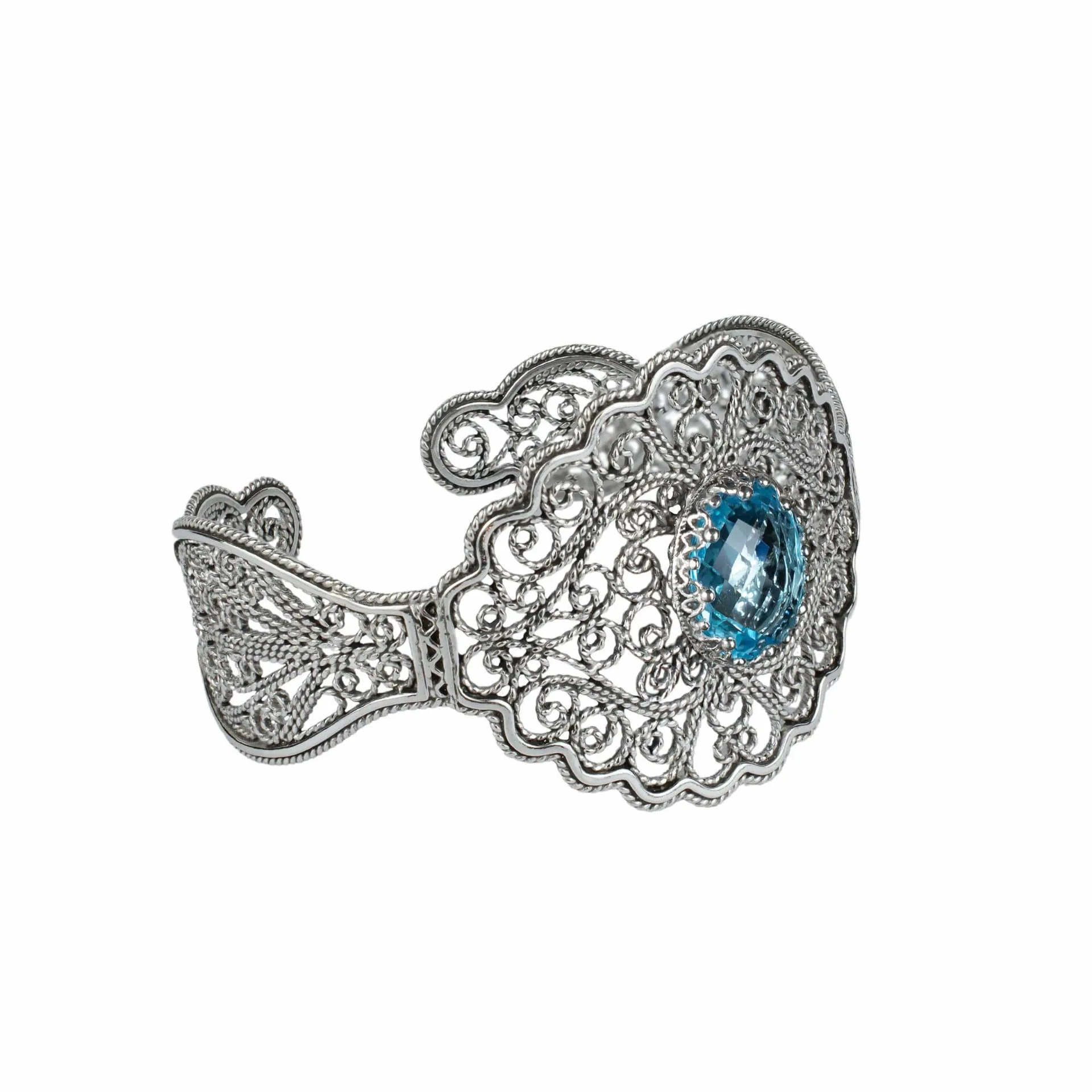Filigree Art Blue Topaz Gemstone Lace Detailed Women Silver Cuff Bracelet
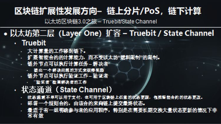 TrueBit是另一个链下扩容方案,通过外包方式把大的计算任务和验证认为转移到链下。状态通道则在原先支付通道的基础上,进一步支持智能合约,管理“世界状态”。
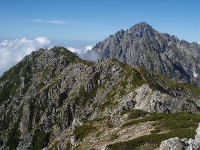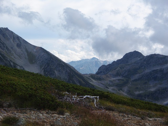 別山から剣御前小屋へ、、八ツ峰を見る、14:12
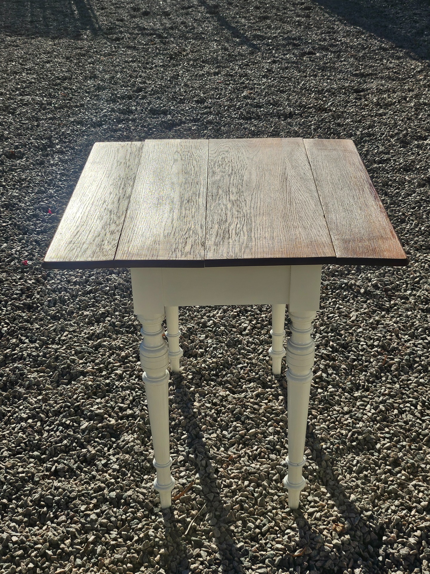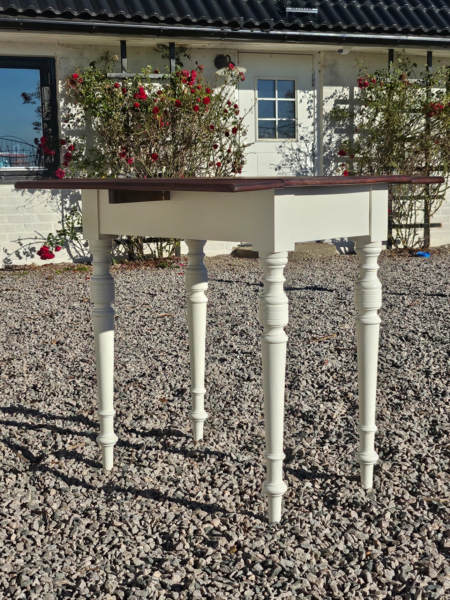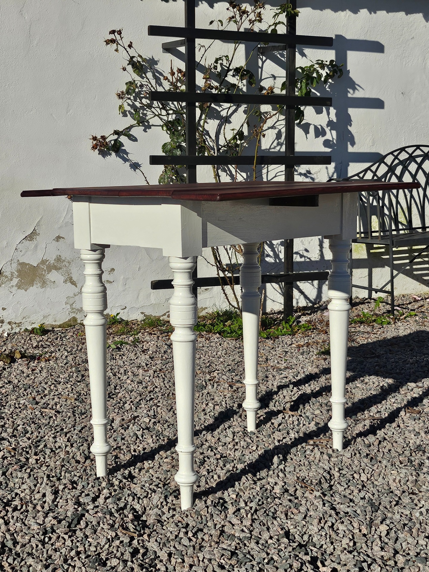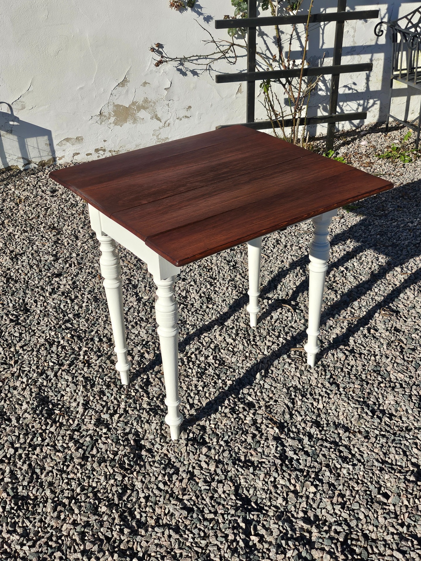 Mycket vackert klaffbord 1880-t. Skivan slipad och behandlad med linolja, nedre delen handmålad med linoljefärg från Ottossons färgmakeri i kulören kittvit.
______
The lines to copy run from the line containing "別山から剣御前小屋へ、、八ツ峰を見る、14:12" through the end of the data above; copy exactly those, minus the pictures.

 別山から剣御前小屋へ、、八ツ峰を見る、14:12
 Mycket vackert klaffbord 1880-t. Skivan slipad och behandlad med linolja, nedre delen handmålad med linoljefärg från Ottossons färgmakeri i kulören kittvit.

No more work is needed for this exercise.